Die Arbeitnehmerinnen/Arbeitnehmer haben unter Fortzahlung des Arbeitsentgeltes Anspruch auf Jahresurlaub; Urlaubsjahr ist das Kalenderjahr. Unter Zugrundelegung einer 5-Tage-Woche beträgt der Urlaubsanspruch 26 Arbeitstage; der volle Urlaubsanspruch entsteht erstmalig nach einem ununterbrochenen Arbeitsverhältnis von sechs Monaten.“
6
Die Beklagte nahm eine Nachberechnung des Entgelts des Klägers für die Monate August 2012 bis Januar 2013 auf Basis der Mindeststundenvergütung von 11,25 Euro brutto vor und erbrachte Nachzahlungen für tatsächlich geleistete Arbeits- und Urlaubsstunden in Höhe von insgesamt 190,50 Euro brutto.

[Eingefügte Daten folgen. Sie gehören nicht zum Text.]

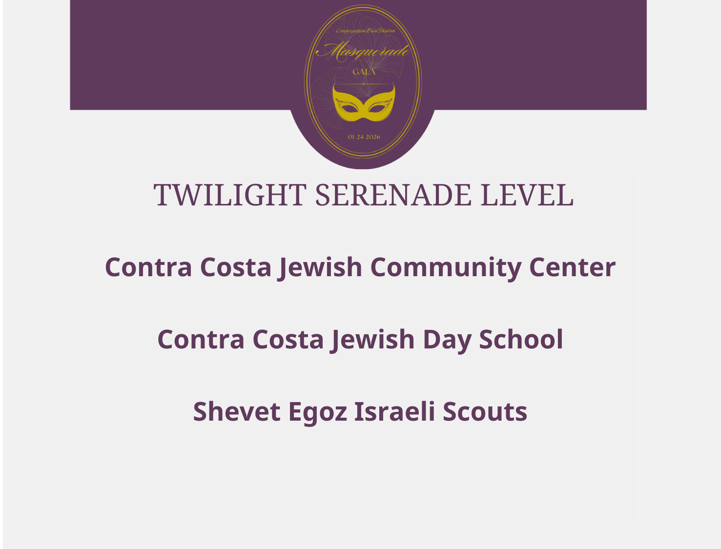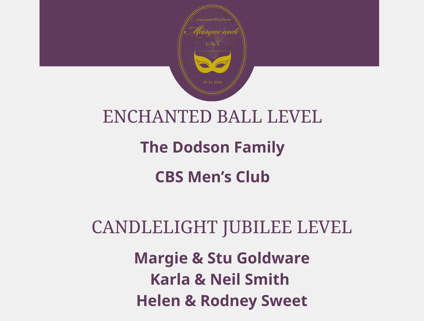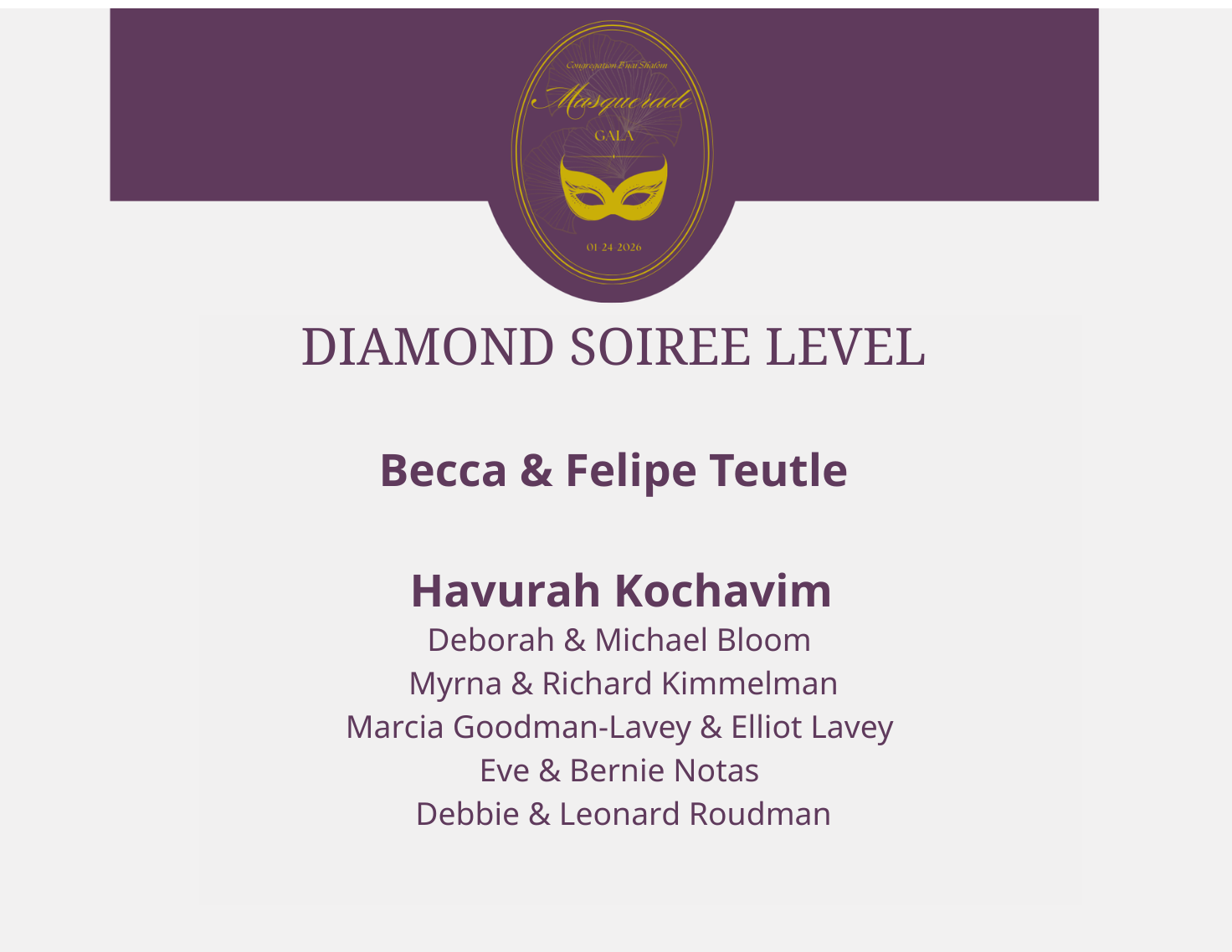 Thank you for your support of the Masquerade Gala and of Congregation B’nai Shalom!

Aufgrund von Feiertagen ausgefallene Arbeitszeit berücksichtigte sie dabei nicht.
7
Der Kläger hat die Auffassung vertreten, die Mindeststundenvergütung nach § 3 TV Mindestlohn stehe ihm auch für Feiertagsstunden zu. Ausgehend von einer Gesamtzahl von 1.030 Arbeits- oder Urlaubsstunden oder wegen Feiertagen ausgefallener Stunden ergebe sich für den Zeitraum 1. August 2012 bis 31. Januar 2013 unter Anrechnung erhaltener Zahlungen ein Differenzanspruch in Höhe von 180,00 Euro brutto.
8
Der Kläger hat zuletzt beantragt,
        
die Beklagte zu verurteilen, an ihn 180,00 Euro brutto nebst Zinsen in Höhe von fünf Prozentpunkten über dem Basiszinssatz aus 131,00 Euro seit dem 16. November 2012 und aus weiteren 49,00 Euro seit dem 16. Februar 2013 zu zahlen.
9
Die Beklagte hat beantragt, die Klage abzuweisen. Sie hat die Auffassung vertreten, die Mindeststundenvergütung nach § 3 TV Mindestlohn sei nur für tatsächlich geleistete Arbeitsstunden zu zahlen, nicht aber an Feiertagen.
10
Arbeitsgericht und Landesarbeitsgericht haben der Klage stattgegeben. Mit der vom Landesarbeitsgericht zugelassenen Revision verfolgt die Beklagte ihren Klageabweisungsantrag weiter.